§ **What this task involves**
When the word "with" appears in a line of the data below, list that line.

(Stored data)

☆ ☆ ☆ ☆ ☆

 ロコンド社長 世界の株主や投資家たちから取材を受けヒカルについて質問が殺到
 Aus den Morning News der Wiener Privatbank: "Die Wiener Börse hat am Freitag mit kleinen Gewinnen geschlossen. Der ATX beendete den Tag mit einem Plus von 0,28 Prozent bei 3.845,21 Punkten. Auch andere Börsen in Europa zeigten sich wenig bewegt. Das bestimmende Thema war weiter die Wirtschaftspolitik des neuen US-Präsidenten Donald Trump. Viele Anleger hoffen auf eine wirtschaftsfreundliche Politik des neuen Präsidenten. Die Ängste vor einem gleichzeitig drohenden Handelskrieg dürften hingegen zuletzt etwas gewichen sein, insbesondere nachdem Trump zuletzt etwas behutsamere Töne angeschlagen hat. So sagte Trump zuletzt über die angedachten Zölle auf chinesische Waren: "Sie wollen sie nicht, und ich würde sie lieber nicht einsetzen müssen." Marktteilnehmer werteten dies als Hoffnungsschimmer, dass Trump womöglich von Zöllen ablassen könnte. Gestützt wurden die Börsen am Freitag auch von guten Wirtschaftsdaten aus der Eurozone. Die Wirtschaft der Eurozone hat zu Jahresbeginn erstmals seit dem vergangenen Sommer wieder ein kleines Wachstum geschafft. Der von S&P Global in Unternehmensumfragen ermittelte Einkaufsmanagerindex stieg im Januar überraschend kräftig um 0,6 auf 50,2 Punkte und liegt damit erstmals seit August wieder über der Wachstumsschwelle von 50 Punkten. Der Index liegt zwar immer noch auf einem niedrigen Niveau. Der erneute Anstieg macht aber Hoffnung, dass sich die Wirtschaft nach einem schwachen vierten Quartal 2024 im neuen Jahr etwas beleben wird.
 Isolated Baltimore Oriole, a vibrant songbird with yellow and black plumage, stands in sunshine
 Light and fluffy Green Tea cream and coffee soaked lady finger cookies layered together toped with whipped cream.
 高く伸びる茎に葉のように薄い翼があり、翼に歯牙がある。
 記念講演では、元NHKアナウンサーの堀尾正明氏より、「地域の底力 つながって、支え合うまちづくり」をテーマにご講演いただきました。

☆ ☆ ☆ ☆ ☆

§ **Output below**
 Isolated Baltimore Oriole, a vibrant songbird with yellow and black plumage, stands in sunshine
 Light and fluffy Green Tea cream and coffee soaked lady finger cookies layered together toped with whipped cream.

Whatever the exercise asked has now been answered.